Object Pooling

Enables the creation of object pools, which make it less computationally expensive to fetch a new object. Currently the only supported pooled objects are 'DBI' connections.


Travis-CI Build Status AppVeyor Build Status CRAN_Status_Badge

The goal of the pool package is to abstract away the logic of connection management and the performance cost of fetching a new connection from a remote database. These concerns are especially prominent in interactive contexts, like Shiny apps (which connect to a remote database) or even at the R console. So, while this package is of most practical value to Shiny developers, there is no harm if it is used in other contexts. Since pool integrates with both DBI and dplyr, there are very few things that will be new to you, if you're already using either of those packages. Essentially, you shouldn't feel the difference, with the exception of creating and closing a Pool object (as opposed to connecting and disconnecting a DBIConnection object).

Usage

Here’s a simple example of using a pool within a Shiny app (feel free to try it yourself):

library(shiny)
library(dplyr)
library(pool)
 
pool <- dbPool(
  drv = RMySQL::MySQL(),
  dbname = "shinydemo",
  host = "shiny-demo.csa7qlmguqrf.us-east-1.rds.amazonaws.com",
  username = "guest",
  password = "guest"
)
onStop(function() {
  poolClose(pool)
})
 
ui <- fluidPage(
  textInput("ID", "Enter your ID:", "5"),
  tableOutput("tbl"),
  numericInput("nrows", "How many cities to show?", 10),
  plotOutput("popPlot")
)
 
server <- function(input, output, session) {
  output$tbl <- renderTable({
    pool %>% tbl("City") %>% filter(ID == input$ID) %>% collect()
  })
  output$popPlot <- renderPlot({
    df <- pool %>% tbl("City") %>% head(input$nrows) %>% collect()
    pop <- df$Population
    names(pop) <- df$Name
    barplot(pop)
  })
}
 
shinyApp(ui, server)

Concept

The pool package adds a new level of abstraction when connecting to a database: instead of directly fetching a connection from the database, you will create an object (called a pool) with a reference to that database. The pool holds a number of connections to the database. Some of these may be currently in-use and some of these may be idle, waiting for a query to request them. Each time you make a query, you are querying the pool, rather than the database. Under the hood, the pool will either give you an idle connection that it previously fetched from the database or, if it has no free connections, fetch one and give it to you. You never have to create or close connections directly: the pool knows when it should grow, shrink or keep steady. You only need to close the pool when you’re done.

Context and motivation

When you’re connecting to a database, it is important to manage your connections: when to open them (taking into account that this is a potentially long process for remote databases), how to keep track of them, and when to close them. This is always true, but it becomes especially relevant for Shiny apps, where not following best practices can lead to many slowdowns (from inadvertently opening too many connections) and/or many leaked connections (i.e. forgetting to close connections once you no longer need them). Over time, leaked connections could accumulate and substantially slow down your app, as well as overwhelming the database itself.

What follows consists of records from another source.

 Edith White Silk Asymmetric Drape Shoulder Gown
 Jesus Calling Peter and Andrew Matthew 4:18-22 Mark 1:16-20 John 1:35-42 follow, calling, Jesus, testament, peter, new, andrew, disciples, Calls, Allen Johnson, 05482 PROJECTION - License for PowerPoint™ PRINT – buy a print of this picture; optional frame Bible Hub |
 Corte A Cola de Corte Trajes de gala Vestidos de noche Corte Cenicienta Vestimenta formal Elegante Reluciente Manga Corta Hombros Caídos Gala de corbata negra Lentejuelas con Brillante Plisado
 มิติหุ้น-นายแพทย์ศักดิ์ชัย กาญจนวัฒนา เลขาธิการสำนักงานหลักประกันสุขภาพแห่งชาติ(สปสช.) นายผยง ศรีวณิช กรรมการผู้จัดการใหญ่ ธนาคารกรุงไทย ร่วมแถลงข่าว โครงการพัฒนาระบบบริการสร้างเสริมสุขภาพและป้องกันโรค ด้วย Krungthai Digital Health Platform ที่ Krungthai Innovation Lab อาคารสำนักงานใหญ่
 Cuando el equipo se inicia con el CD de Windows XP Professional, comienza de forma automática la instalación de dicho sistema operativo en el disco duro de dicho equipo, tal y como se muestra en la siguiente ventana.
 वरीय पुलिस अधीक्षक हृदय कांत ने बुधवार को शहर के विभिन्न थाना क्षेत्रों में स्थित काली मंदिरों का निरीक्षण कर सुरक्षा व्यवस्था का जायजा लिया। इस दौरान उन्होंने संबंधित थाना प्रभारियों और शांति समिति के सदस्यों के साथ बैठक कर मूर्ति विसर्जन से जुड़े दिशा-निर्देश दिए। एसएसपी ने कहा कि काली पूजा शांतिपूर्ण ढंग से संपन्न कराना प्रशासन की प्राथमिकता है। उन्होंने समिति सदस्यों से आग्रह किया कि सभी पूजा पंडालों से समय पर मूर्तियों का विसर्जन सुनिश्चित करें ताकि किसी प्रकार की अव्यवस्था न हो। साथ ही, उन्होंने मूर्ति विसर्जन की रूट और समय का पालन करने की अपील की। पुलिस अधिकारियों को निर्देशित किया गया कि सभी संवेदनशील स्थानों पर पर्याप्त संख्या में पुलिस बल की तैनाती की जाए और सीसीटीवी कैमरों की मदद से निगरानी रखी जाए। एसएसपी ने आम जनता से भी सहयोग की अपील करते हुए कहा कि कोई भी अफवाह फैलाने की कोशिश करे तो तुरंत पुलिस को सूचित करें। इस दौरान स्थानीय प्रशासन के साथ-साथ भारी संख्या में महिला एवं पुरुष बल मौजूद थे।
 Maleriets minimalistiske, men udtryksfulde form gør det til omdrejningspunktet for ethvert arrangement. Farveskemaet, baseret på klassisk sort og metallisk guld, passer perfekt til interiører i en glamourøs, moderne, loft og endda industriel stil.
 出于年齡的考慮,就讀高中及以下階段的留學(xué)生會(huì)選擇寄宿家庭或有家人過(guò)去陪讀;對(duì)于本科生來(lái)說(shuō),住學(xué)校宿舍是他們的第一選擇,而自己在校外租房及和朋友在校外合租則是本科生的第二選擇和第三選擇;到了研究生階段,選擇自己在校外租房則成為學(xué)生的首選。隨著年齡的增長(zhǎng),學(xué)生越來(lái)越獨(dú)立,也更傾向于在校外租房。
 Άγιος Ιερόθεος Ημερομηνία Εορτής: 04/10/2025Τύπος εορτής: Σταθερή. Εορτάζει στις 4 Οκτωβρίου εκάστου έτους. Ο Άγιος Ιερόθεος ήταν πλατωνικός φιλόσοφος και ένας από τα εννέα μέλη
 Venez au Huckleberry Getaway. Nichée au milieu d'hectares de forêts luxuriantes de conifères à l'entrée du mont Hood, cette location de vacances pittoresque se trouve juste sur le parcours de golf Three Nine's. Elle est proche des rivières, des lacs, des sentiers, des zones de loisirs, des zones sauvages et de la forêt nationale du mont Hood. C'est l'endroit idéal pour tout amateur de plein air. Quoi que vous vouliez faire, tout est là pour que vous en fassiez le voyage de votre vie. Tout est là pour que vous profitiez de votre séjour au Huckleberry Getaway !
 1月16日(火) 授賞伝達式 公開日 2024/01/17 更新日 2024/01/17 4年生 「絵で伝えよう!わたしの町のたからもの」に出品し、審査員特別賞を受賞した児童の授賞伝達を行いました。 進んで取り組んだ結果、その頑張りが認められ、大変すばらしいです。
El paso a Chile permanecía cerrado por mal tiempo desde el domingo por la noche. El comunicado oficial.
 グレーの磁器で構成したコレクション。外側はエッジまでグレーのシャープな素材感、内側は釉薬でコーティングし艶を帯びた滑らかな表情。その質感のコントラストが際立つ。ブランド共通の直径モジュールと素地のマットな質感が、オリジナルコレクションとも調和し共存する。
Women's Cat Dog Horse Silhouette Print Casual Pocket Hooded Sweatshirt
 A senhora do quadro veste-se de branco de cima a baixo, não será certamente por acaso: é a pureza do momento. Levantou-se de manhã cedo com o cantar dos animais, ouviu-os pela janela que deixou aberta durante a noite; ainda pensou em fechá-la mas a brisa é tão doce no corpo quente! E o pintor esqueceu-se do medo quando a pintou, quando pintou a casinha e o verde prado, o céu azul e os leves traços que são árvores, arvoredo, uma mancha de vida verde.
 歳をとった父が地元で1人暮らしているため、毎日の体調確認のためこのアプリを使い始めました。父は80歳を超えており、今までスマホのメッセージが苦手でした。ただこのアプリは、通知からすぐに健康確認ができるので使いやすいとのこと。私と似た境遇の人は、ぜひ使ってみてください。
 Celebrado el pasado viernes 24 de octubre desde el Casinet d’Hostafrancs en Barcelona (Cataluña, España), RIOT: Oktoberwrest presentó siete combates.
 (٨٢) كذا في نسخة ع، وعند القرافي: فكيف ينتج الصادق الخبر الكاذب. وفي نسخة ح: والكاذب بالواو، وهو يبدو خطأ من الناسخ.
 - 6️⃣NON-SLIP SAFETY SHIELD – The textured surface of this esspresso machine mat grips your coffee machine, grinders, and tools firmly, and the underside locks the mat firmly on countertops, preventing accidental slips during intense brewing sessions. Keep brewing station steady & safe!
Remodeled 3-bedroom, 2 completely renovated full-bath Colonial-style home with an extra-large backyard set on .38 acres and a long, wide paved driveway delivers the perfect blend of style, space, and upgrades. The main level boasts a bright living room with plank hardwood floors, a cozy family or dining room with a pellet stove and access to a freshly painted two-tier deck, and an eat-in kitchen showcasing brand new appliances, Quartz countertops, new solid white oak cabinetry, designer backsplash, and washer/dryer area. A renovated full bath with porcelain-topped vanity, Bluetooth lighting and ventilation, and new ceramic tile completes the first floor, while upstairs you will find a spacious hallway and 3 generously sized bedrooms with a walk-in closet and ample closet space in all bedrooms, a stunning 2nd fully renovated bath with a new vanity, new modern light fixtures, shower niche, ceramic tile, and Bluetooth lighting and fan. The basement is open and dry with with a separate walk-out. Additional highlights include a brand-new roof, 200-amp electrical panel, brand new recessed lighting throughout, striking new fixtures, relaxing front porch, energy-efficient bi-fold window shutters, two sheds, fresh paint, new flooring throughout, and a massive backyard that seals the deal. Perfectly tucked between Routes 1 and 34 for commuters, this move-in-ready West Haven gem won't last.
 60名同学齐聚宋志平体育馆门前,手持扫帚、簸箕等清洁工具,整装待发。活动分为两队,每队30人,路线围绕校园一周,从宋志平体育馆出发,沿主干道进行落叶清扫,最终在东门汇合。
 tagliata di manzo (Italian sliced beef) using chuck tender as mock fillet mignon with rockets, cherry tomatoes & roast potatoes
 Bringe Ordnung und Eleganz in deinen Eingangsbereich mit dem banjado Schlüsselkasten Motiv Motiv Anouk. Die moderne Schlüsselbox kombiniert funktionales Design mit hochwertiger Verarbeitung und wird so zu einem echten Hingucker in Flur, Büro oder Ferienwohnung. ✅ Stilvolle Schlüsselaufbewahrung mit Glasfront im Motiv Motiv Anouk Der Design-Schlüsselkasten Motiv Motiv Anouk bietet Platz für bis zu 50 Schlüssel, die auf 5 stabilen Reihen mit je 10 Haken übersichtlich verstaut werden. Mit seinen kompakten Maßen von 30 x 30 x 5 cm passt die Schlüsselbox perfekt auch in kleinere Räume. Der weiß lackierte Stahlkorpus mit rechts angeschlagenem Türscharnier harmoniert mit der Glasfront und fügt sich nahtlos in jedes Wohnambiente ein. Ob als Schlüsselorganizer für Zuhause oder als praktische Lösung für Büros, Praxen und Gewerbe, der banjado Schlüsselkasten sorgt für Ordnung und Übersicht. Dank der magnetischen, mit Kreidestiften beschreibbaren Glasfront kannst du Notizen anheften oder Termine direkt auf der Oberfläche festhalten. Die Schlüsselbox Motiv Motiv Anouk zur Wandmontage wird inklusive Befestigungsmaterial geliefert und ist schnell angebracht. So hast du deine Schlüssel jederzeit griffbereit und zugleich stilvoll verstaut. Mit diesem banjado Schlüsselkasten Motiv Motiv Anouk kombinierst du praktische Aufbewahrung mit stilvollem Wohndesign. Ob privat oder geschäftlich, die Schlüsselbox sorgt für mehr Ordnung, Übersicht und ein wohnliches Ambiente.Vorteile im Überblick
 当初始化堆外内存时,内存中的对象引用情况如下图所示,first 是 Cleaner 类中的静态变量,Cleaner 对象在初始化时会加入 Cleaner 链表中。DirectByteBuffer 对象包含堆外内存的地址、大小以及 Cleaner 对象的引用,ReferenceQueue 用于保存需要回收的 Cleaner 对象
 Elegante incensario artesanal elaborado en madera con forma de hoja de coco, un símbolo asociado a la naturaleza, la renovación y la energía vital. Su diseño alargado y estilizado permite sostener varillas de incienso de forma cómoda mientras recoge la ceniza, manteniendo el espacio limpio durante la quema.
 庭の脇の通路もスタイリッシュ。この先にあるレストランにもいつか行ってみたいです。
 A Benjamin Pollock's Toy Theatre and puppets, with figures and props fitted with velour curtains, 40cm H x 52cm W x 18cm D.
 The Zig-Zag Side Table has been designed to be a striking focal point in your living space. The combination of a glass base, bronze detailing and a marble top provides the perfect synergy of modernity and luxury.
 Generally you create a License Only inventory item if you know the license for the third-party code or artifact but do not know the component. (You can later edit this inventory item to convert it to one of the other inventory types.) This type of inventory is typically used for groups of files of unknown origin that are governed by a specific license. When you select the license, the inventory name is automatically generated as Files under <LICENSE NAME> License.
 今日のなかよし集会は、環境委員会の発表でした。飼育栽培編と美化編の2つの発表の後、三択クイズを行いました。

Oversimplifying a bit, we can think of connection management in Shiny as a spectrum from the extreme of just having one connection per app (potentially serving several sessions of the app) to the extreme of opening (and closing) one connection for each query you make. Neither of these approaches is great. You can expand either of the arrows below to see the source code for each extreme, but that is not essential to understanding the problems described below.

oneConnectionPerApp.R
library(shiny)
library(dplyr)
library(DBI)
 
conn <- dbConnect(
    drv = RMySQL::MySQL(),
    dbname = "shinydemo",
    host = "shiny-demo.csa7qlmguqrf.us-east-1.rds.amazonaws.com",
    username = "guest",
    password = "guest"
  )
onStop(function() {
  dbDisconnect(conn)
})
 
ui <- fluidPage(
  textInput("ID", "Enter your ID:", "5"),
  tableOutput("tbl"),
  numericInput("nrows", "How many cities to show?", 10),
  plotOutput("popPlot")
)
 
server <- function(input, output, session) {
  output$tbl <- renderTable({
    conn %>% tbl("City") %>% filter(ID == input$ID) %>% collect()
  })
  output$popPlot <- renderPlot({
    df <- conn %>% tbl("City") %>% head(input$nrows) %>% collect()
    pop <- df$Population
    names(pop) <- df$Name
    barplot(pop)
  })
}
 
shinyApp(ui, server)
oneConnectionPerQuery.R
library(shiny)
library(dplyr)
library(DBI)
 
args <- list(
  drv = RMySQL::MySQL(),
  dbname = "shinydemo",
  host = "shiny-demo.csa7qlmguqrf.us-east-1.rds.amazonaws.com",
  username = "guest",
  password = "guest"
)
 
ui <- fluidPage(
  textInput("ID", "Enter your ID:", "5"),
  tableOutput("tbl"),
  numericInput("nrows", "How many cities to show?", 10),
  plotOutput("popPlot")
)
 
server <- function(input, output, session) {
  output$tbl <- renderTable({
    conn <- do.call(dbConnect, args)
    on.exit(dbDisconnect(conn))
 
    conn %>% tbl("City") %>% filter(ID == input$ID) %>% collect()
  })
  output$popPlot <- renderPlot({
    conn <- do.call(dbConnect, args)
    on.exit(dbDisconnect(conn))
 
    df <- conn %>% tbl("City") %>% head(input$nrows) %>% collect()
    pop <- df$Population
    names(pop) <- df$Name
    barplot(pop)
  })
}
 
shinyApp(ui, server)

Opening only one connection per app makes it fast (because, in the whole app, you only fetch one connection) and your code is kept as simple as possible. However:

  • it cannot handle simultaneous requests (e.g. two sessions open, both querying the database at the same time);
  • if the connection breaks at some point (maybe the database server crashed), you won’t get a new connection (you have to exit the app and re-run it);
  • finally, if you are not quite at this extreme, and you use more than one connection per app (but fewer than one connection per query), it can be difficult to keep track of all your connections, since you’ll be opening and closing them in potentially very different places.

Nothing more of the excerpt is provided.